Well, here we go, Last day of the year.

So, where did I go in 2015?

Volume

I wrote 211 posts in the last year, or about one every 1.75 days. That’s about on my dsired pace of 4 posts every 7 days, so mission accomplished there. 

Content

I only got one or two Firing Squad videos out, and those early on. I had made arrangements to get two more and utterly failed to deliver my usual and desired pace of one every month or two. So that was a miss.
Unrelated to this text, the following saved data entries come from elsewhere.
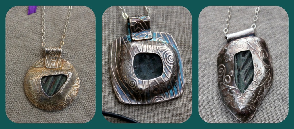 Eventually—just last fall—I had an epiphany about the shards of mug. It occurred to me that stoneware is fired well above the temperature at which I fire silver clay, which meant that I was easily able to incorporate those shards into my jewelry designs. I could create with this broken thing; I could transform the mug and my grief about it into something new and very beautiful.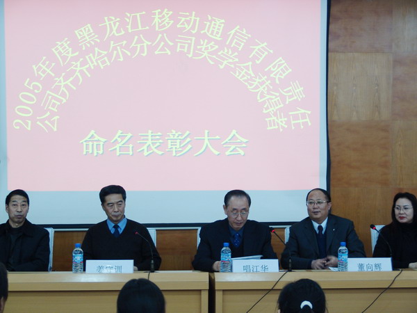 12月15日下午,2005年度“黑龙江移动通信有限责任公司齐齐哈尔分公司奖学金获得者”命名表彰大会在LETOU官网西区主楼报告厅隆重举行,校长唱江华、副校长姜守训、黑龙江移动通信有限责任公司齐齐哈尔分公司总经理董向辉、副总经理张富敏等出席,学生处(学工部)长王刚主持大会。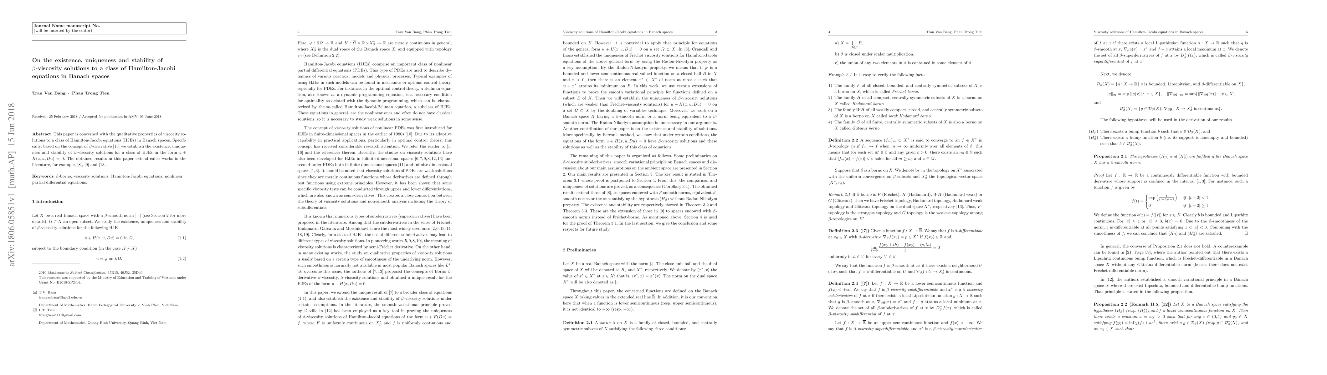 This paper is concerned with the qualitative properties of viscocity solutions to a class of Hamilton-Jacobi equations (HJEs) in Banach spaces. Specifically, based on the concept of $\beta$-derivative \cite{DGZ93b} we establish the existence, uniqueness and stability of $\beta$-viscosity solutions for a class of HJEs in the form $u+H(x,u,Du)=0.$ The obtained results in this paper extend ealier works in the literature, for example, \cite{CL85}, \cite{CL86} and \cite{DGZ93b}.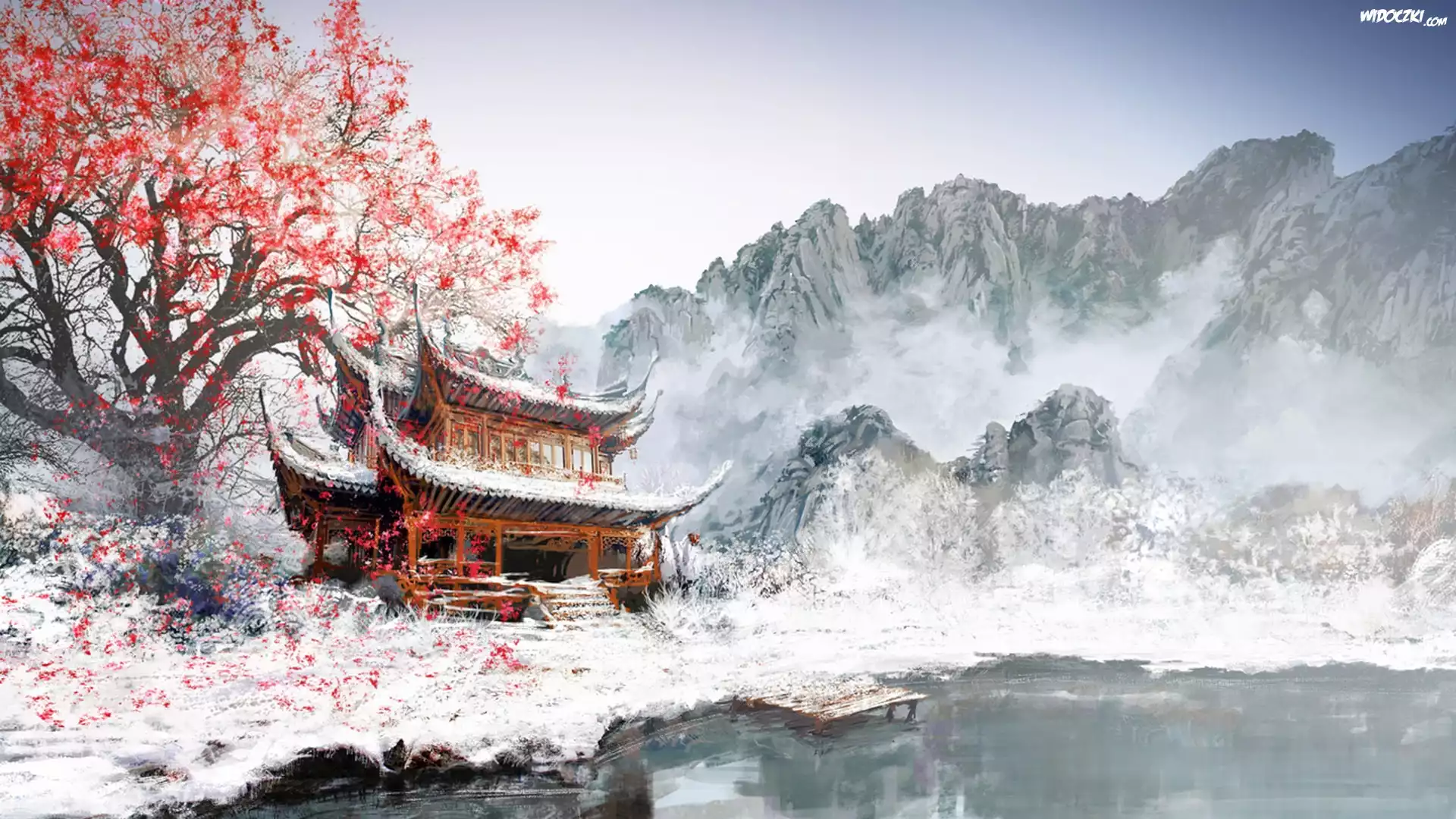 Zdjęcia, Zima, Góry, Drzewo, Domek, Japoński

I started playing, and blogging about, D&D Fifth Edition in 2015. Unsurprisingly, these posts utterly dominated my “best posts ever” list due to the huge player base in D&D. My post on the probabilities and math behind The Standard Array rose to become my highest-viewed RPG post. The next-best? Exploring the Advantaged/Disadvantaged mechanic. Two more D&D-themed posts, one on grappling and another using my Horcpower calculator, round out my top 10. The rest are Firing Squad interviews, and the top is a comparison of two real-world pistols on a real-world range. Yeah, there are GURPS stats there, but I think I drew in a lot of people deciding between a Walther PPQ and a Springfield XDM. To quote Tony Start: “Is it too much to ask for both?”

I started to get tired in a blog sense in about June, and I even wrote about it. My daughter was just getting over (or in the middle of?) colic about then, I was travelling a lot, and generally having a rough time. So volume started to decline a bit.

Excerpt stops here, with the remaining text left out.